Given information:
══════════════════════════════

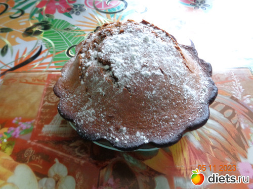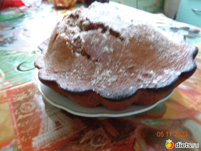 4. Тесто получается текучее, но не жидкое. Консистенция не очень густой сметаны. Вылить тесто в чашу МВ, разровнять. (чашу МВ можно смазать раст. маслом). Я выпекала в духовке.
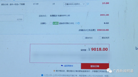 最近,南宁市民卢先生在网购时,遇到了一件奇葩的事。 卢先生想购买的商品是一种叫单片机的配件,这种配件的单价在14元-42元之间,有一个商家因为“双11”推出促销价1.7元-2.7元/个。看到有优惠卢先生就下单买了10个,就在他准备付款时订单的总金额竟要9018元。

══════════════════════════════

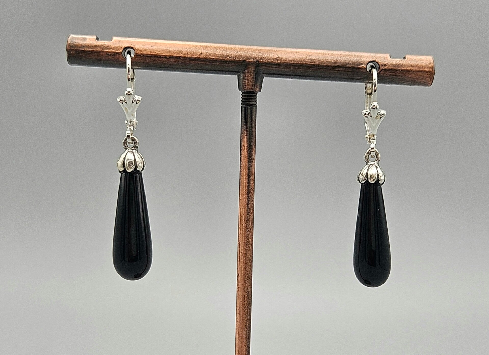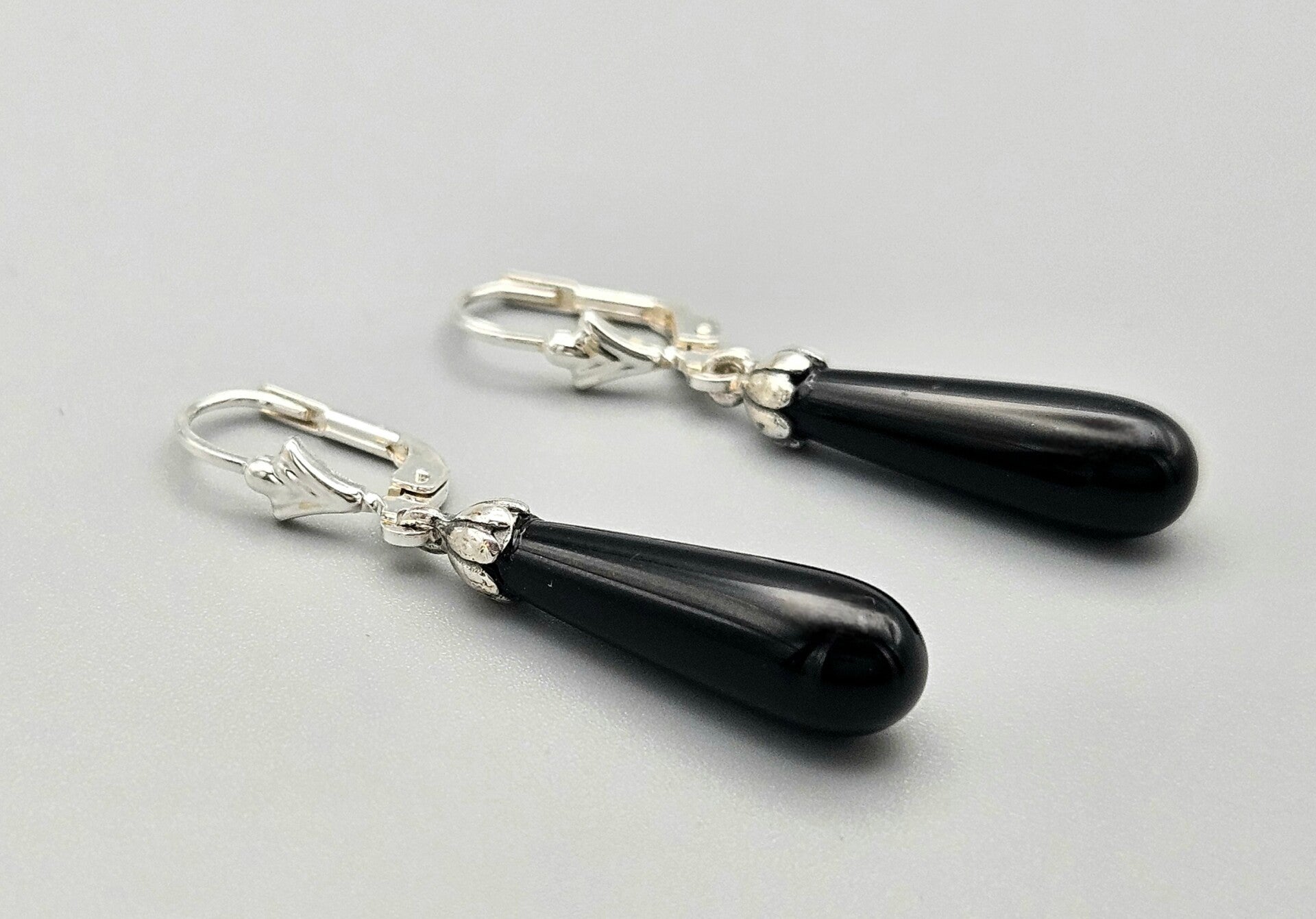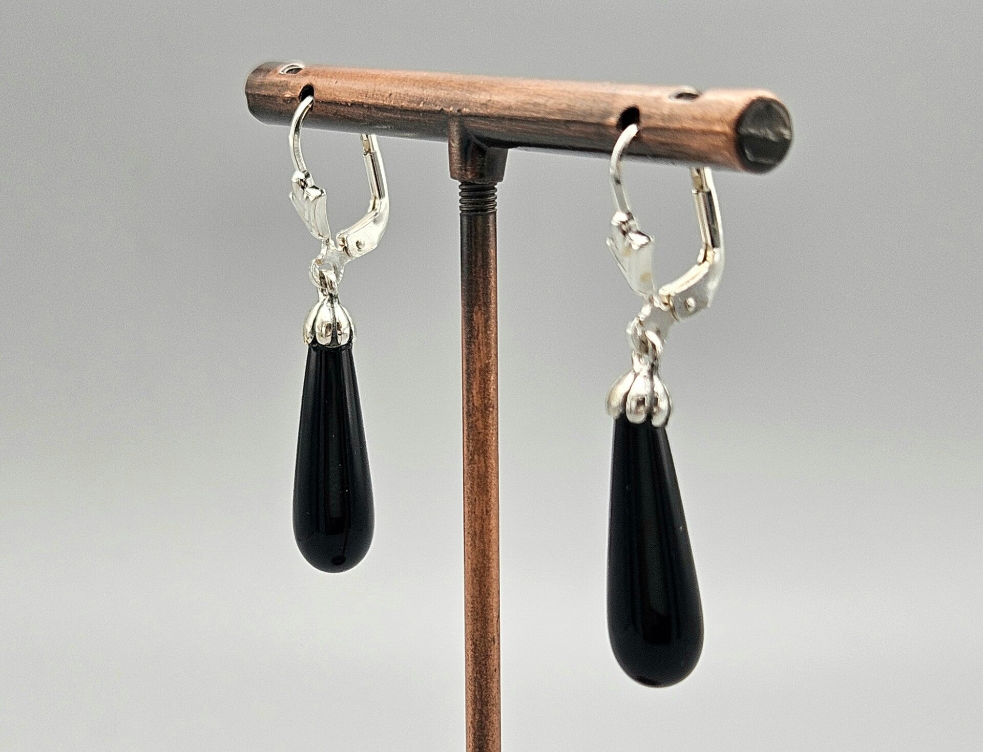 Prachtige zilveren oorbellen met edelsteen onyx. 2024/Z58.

══════════════════════════════

Task directions: Take the entries above and copy exactly the lines starting at the one with "4. Тесто получается" and ending at the one with "最近,南宁市民卢先生在网购时"; nothing outside that span, and no pictures.

Problem solution:
 4. Тесто получается текучее, но не жидкое. Консистенция не очень густой сметаны. Вылить тесто в чашу МВ, разровнять. (чашу МВ можно смазать раст. маслом). Я выпекала в духовке.
 最近,南宁市民卢先生在网购时,遇到了一件奇葩的事。 卢先生想购买的商品是一种叫单片机的配件,这种配件的单价在14元-42元之间,有一个商家因为“双11”推出促销价1.7元-2.7元/个。看到有优惠卢先生就下单买了10个,就在他准备付款时订单的总金额竟要9018元。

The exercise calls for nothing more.